张燕没想到他的这次试探不但没有让黑山军争取到有用的信息,反而给黑山军带来了灭顶之灾。
在他得知潘凤领军往河内进发的时候他第一时间想到的就是要不要退回山中。
当张燕召集部众将这个想法说出来的时候遭到了众人的极力反对,便是孙轻王当也一致认为退回山中是最不可取的办法。
由俭入奢易,由奢入俭难。
过惯了苦日子的黑山军来到河内后焕发出了强烈的生机,最明显的一点便是群体中幼儿的身影逐渐多了起来,这对任何一名黑山军将领来讲都是一件值得高兴的事情,因为这代表着黑山军的延续有望了!
河内地区的环境与太行山脉中的环境相比简直太舒服了,不光如此,借着河内的便利,黑山军内军民的生活普遍都好了起来,那些以往闲置混混度日的老弱也有了田地能够养活自己,以往吃一顿饿两顿的情况已经很少发生了。
这些变化或许在冀州百姓来看并没有什么,但对于黑山军的军民来讲那就是最奢侈的进步了,他们谁都不想回到那个阴冷潮湿蛇虫遍地的山坳里面了,哪怕是身为将领的众人也不想再过那样的日子。
听到麾下将士的反对,张燕沉默了。
“既然尔等不愿退回山中,那我军又该如何面对潘凤的精锐大军?”张燕将这个难题抛了出去。

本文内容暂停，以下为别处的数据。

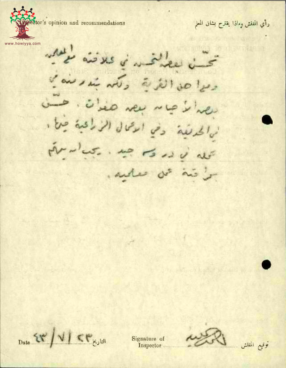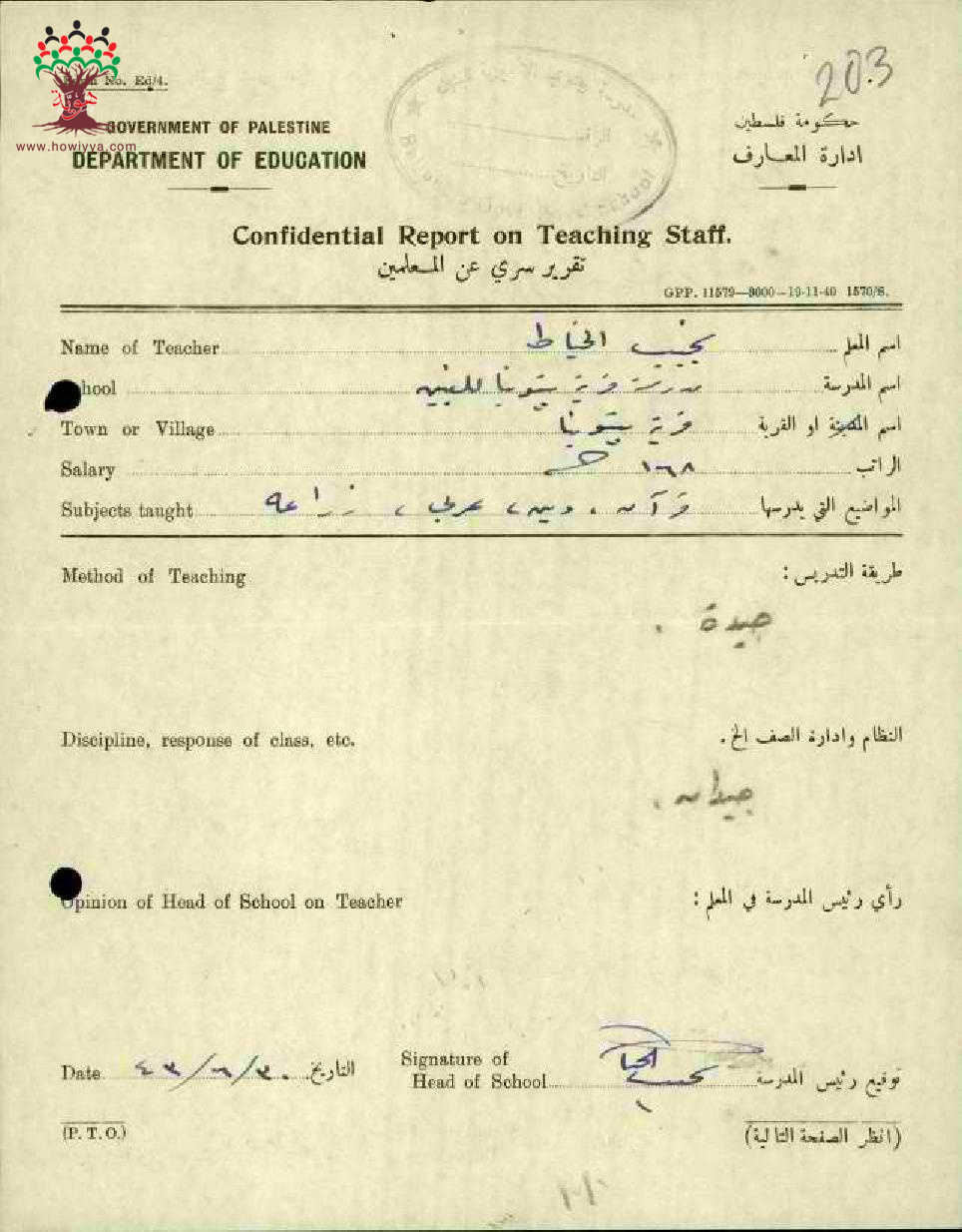 تقرير تفصيلي عن أداء المعلم نجيب محمد الخياط في مدرسة بيتونيا سنة 1943

在丁振出发前,还有很多人对冀州军的战力怀有一定的侥幸心理,但丁振的惨败已经告诉了在场的所有人冀州军不是好惹的。
换作以往,那些好勇斗狠一些的将领都会站出来嚷嚷着要打一场硬仗,但现在却没有任何一个人说话。
气氛一下子就沉到了谷底。
所有人这才明白,之前张燕决定撤回山中似乎是最后的办法了!
看着下方众人一言不发,张燕心中有些烦闷。
黑山军的底子终究是薄了一些,要是他的麾下有几个出谋划策的人,黑山军也不至于落到现在的境地。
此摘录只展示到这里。